The facts that modulation was distributed across the laminae within each area, and that extragranular modulation began as early as, or earlier than, that in lamina 4, strongly support a feedback model of attentional modulation. That is, the spatiotemporal profile of modulation fits with the pattern of feedback, rather than feedforward corticocortical connectivity (Rockland and Pandya, 1979; Felleman and Van Essen, 1991
). This is particularly clear for V1, the area whose laminar activation profile is best documented by physiological studies (Mitzdorf and Singer, 1979
; Kraut et al., 1985
; Schroeder et al., 1990, 1991
Schroeder et al., 1995, 1997
, 1998
; Maunsell and Gibson, 1992
; Lamme et al., 1993
; Givre et al., 1994
, 1995
). In V1 sites displaying attentional modulation (60% of the sample), the largest effects had extremely long latencies (>200 ms) and either a bilaminar or superficial laminar distribution (Felleman and Van Essen, 1991
). In both cases, the pattern of modulation clearly excluded the initial lamina 4c response, consistent with the lack of attentional modulation in LGN. This agrees with an earlier conclusion by Clark and Hillyard (Clark, 1996) based on human ERP recordings. The fact that the latency of attentional modulation increases progressively over successively lower stages of the hierarchy (i.e. from V4 to V2 to V1), also supports a feedback model. Because feedback projections originate, as well as terminate in the extragranular laminae, attention effects in V4 are in a position to contribute to modulation in V2 and the same for V2 relative to V1.
Physiology of Attentional Modulation
The laminar profile of current sources and sinks, along with the associated MUA, outlines a characteristic activation sequence elicited by an irrelevant stimulus. In V1 and V2, this consists of excitatory responses, initially in and near the position of lamina 4, and later in the upper and lower laminae. The same sequence is observed in V4, with the exception that a brief period (~15 ms) of activity depression often precedes initial excitation at the depth of lamina 4 (Givre et al., 1994; Schroeder et al., 1998
). In all areas, initial excitatory responses are followed by a period of net local hyperpolarization, which appears to limit the excitatory response. The size of the postresponse hyperpolarization and its obligatory linkage to the excitatory response driven by irrelevant stimuli is consistent with the view that perceptual suppression of irrelevant stimuli is a passive consequence of cortical physiology.

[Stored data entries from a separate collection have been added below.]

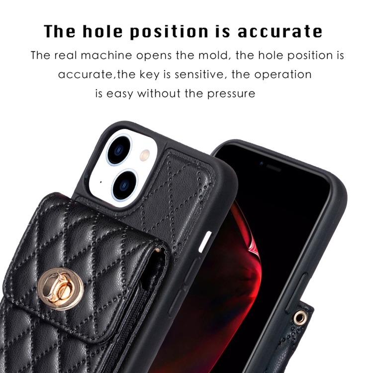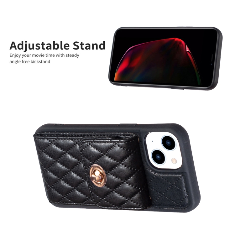 Caja de Teléfono de Cuero Rómbica para iPhone 13 Billetera con Hebilla de Metal Vertical (Negro)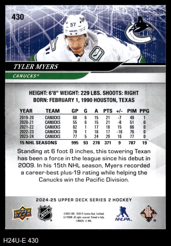 2024 Upper Deck #430 Tyler Myers 8 - NM/MT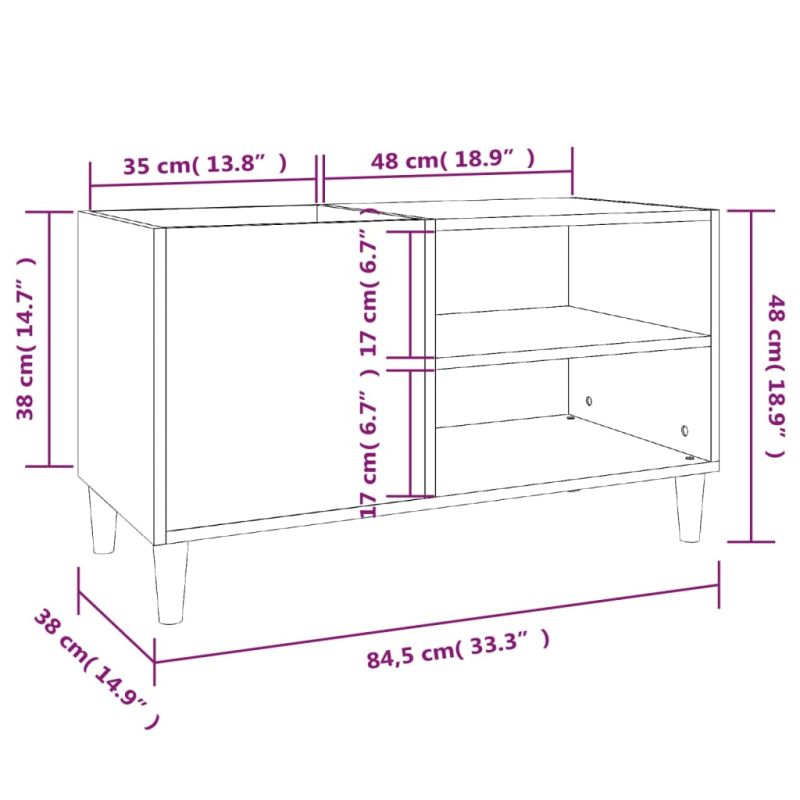Съхранявайте и покажете своите винилови плочи с този практичен и класически шкаф за плочи. Издържлив материал: Инженерната дървесина е с изключително качество с гладка повърхност и се отличава със здравина, стабилност и устойчивост на влага.Достатъчно място за съхранение: Просторният шкаф за грамофонни плочи предлага достатъчно място за съхранение на LP плочи и поддържа вашата музикална колекция добре организирана.Здрав плот: Здравият плот на шкаф за съхранение на винил е идеален за поставяне на вашия плейър или друга електроника.Множество функции: Този шкаф за съхранение на записи може да се използва и като страничен шкаф във всекидневната или шкаф за картотеки в офиса и кабинета.Метални крака: Металните крака добавят индустриален стил към вашия интериор, като същевременно гарантират стабилност.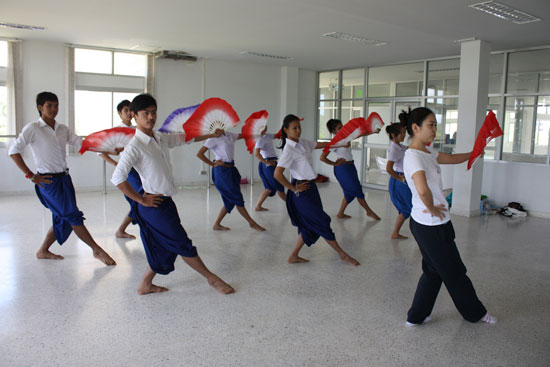 志愿者教师正在教授扇子舞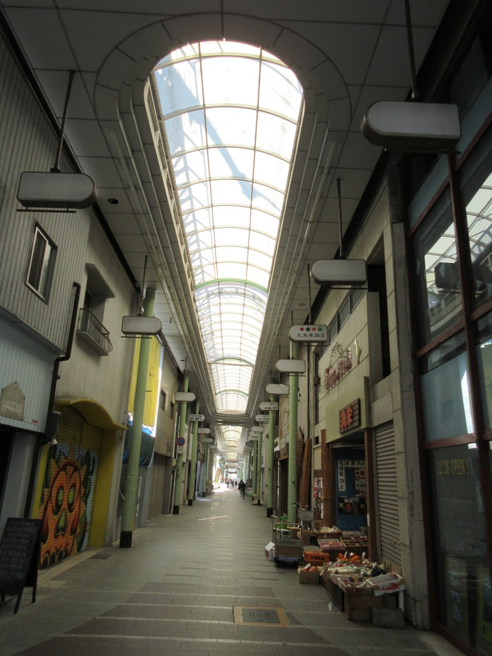 丸亀駅前の浜町商店街から南の丸亀城に向かって南北に延びる数百メートルは続いている商店街で、アーケードもあって天候を気にせずにお買い物ができます。ただ、昼頃に訪れたにも関わらず、シャッターが閉まったままのお店が多くて残念に思いました。なお、丸亀城の天守閣に登り、北の瀬戸内海方面に目をやると、今しがた歩いた来たこの商店街の南端入口が見え、丸亀の街の中心部のサイズ感が分かりました。

From this perspective, the net response in cortical ensembles is essentially conservative, due to processes such as afterhyperpolarization and synaptically mediated inhibition. Thus, the net amplitude of the response to any stimulus, and presumably its perceptual salience, would be limited by postresponse refractory/inhibitory processes. Although derived from intermodal selective attention, the basic observation is consistent with the hypothesis that spatial selective attention modulates by reducing the mutual inhibition between competing stimuli in the receptive field (Desimone, 1995).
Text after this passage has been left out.